One more trick is to avoid using the temporary allocations at all and simply write to theta directly by unfolding in a triple for-loop, accessing the memory in an efficient order. I’ve made this change for the last for-loop, and if I didn’t make a linear algebra mistake, that is again a bit faster; the other loop should allow you to get a similar speed-up (at least by eliminating temp2)
function uncompress_further_optimized(compressionIndexes, XC::AbstractVector{T}, DC, IDC) where {T<:Real}
nb = size(DC[1], 1)
nk = size(DC[2], 1)
ny = size(DC[3], 1)
θ1 = Array{eltype(XC)}(undef, nb, nk, ny)

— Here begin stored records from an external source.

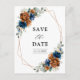 Terracotta Navy Blue Greenery Spara datumet Vykort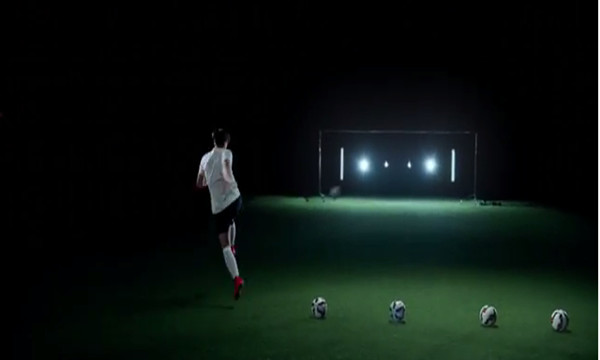 在影片中,Abby Wambach走進(jìn)了黑暗的足球場,這個足球場只用了不夠亮的白熾燈泡來當(dāng)足球場的照明,她便踢了幾個球,擊中球門中的幾盞白熾燈泡光源,把它們打滅,然后拿出遙控器,把整座球場的LED照明系統(tǒng)點(diǎn)亮,呈現(xiàn)的效果非常好。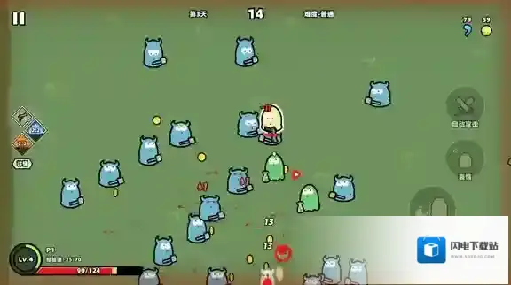 5、全部选好后就会正式开始,滑动屏幕可以控制角色移动,点击右边攻击按键可以自动攻击。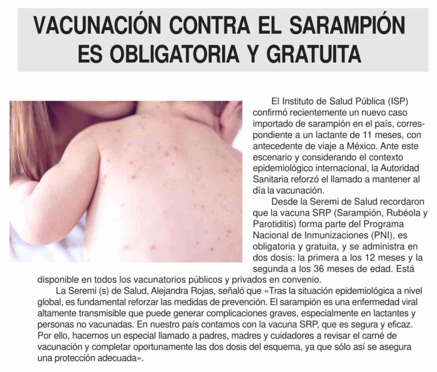 Título: VACUNACIÓN CONTRA EL SARAMPIÓN ES OBLIGATORIA Y GRATUITA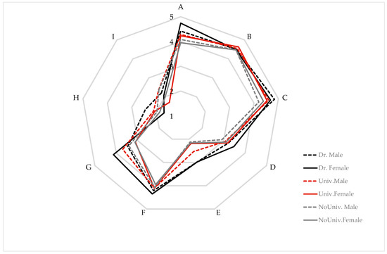 Spider diagram of the population’s perception of water problems and management by educational level and gender using the items in the survey. Note: A=I am aware about water use efficiency; B=I think climate change may affect water use; C=I am aware that drinking water is a scarce good; D= I believe that the water in my place of residence is well managed; E=I am aware of SDG 6: “ensure availability and sustainable management of water and sanitation for all”; F=The water facility that supplies my home is acceptable; G=I have received and read information about efficient water use; H = I have had any problem with the water (bad taste, or a disease like Helicobacter pylori...); I = I am aware of any initiatives to raise awareness and “oblige the good use of water”.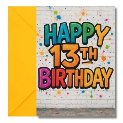 SUPER HIGH QUALITY 🎉 This 13th birthday card folds to A5 and is printed on premium 300gsm card. It’s blank inside so you can write your own message and comes with a bold coloured envelope. Great quality for a great milestone. AWESOME FOR NEW TEENS 😎 Perfect as a son 13th birthday card, nephew 13th birthday card, or even for a brother or grandson. Designed with teen vibes in mind—cool, colourful and just the right amount of attitude. GRAFFITI-STYLE DESIGN 🎨 This fun and bright 13 birthday card features graffiti lettering and a brick wall background. Great for boys who love bold colours, street art, or just something a bit different from the usual. PAIR IT WITH A GIFT 🎁 Looking for 13th birthday gifts for boys? This card makes a brilliant add-on. Fun and full of character, it brings that extra laugh or grin to any birthday celebration. FOR ANY 13-YEAR-OLD BOY 💥 Whether it’s for your son, brother, grandson or nephew, this 13th birthday card boy design is a solid choice. Bright, modern and full of teen energy—just like him!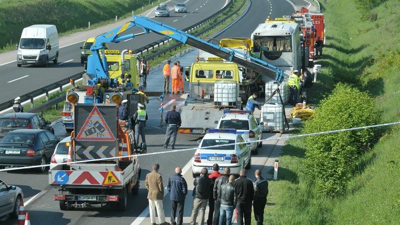 Voznik osebnega avtomobila je domnevno zaradi vožnje z neprilagojeno hitrostjo trčil v bočni del avtobusa, nakar pa je v zadnji del navedenega avtobusa prav tako domnevno zaradi neprilagojene hitrosti trčil voznik tovornega avtomobila. Pri tem je iz tovornega vozila iz naloženih posod iztekla do sedaj neugotovljena količina emulzije, ki naj ne bi bila škodljiva za ljudi.

# Populate the 3D array using compressionIndexes.
@inbounds for j in eachindex(XC)
θ1[compressionIndexes[j]] = XC[j]
end
@views temp1 = similar(θ1[:, :, 1])
@views temp2 = similar(θ1[:, :, 1])
@inbounds @views for yy in axes(θ1, 3)
# Multiply: temp1 = IDC[1] * θ1[:, :, yy]
mul!(temp1, IDC[1], θ1[:, :, yy])
# Multiply: temp2 = temp1 * DC[2]
mul!(temp2, temp1, DC[2])
# Write the result back.
θ1[:, :, yy] .= temp2
end
@inbounds @views for i in axes(θ1, 2), bb in axes(θ1, 1), k in axes(θ1, 3)

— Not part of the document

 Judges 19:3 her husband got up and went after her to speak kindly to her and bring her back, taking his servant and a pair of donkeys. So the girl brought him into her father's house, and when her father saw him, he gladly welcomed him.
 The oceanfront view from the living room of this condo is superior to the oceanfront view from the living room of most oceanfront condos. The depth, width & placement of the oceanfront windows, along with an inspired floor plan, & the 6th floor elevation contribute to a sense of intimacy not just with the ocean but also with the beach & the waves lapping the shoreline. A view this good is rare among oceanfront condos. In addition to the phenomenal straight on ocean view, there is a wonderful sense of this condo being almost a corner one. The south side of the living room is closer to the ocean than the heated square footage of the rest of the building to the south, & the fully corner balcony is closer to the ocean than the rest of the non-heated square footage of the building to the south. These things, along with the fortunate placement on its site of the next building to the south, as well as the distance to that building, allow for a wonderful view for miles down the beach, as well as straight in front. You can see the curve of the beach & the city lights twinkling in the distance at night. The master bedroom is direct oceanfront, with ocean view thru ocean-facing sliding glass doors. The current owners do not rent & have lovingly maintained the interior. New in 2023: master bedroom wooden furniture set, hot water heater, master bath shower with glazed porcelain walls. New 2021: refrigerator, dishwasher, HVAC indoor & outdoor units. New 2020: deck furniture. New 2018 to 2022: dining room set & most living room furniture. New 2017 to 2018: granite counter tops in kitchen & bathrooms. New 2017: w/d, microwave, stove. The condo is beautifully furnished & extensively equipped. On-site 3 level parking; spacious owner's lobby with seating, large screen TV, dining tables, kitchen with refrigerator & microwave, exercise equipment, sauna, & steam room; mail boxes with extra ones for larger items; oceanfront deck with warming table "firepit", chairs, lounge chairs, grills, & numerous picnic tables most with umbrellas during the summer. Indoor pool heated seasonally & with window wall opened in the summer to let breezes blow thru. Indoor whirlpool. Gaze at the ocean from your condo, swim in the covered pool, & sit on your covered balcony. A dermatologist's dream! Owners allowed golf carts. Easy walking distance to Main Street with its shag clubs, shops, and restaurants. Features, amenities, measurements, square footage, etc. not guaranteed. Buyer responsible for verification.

θ1[bb, i, k] = θ1[bb, i, :] ⋅ DC[3][:, k]
end
return reshape(θ1, nb * nk * ny)
end
gives
BenchmarkTools.Trial: 10000 samples with 1 evaluation per sample.
Range (min … max): 35.625 μs … 4.564 ms ┊ GC (min … max): 0.00% … 98.41%
Time (median): 44.625 μs ┊ GC (median): 0.00%
Time (mean ± σ): 49.842 μs ± 88.113 μs ┊ GC (mean ± σ): 9.19% ± 5.42%
▃▆██▄▁
▂▄▄▄▄▄▃▃▃▄▅███████▇▆▅▄▄▃▂▂▂▂▂▁▂▂▁▂▁▁▁▁▁▁▁▁▁▁▁▁▁▁▁▁▁▁▁▁▁▁▁▁▁ ▂
35.6 μs Histogram: frequency by time 71.3 μs <
Memory estimate: 153.30 KiB, allocs estimate: 33.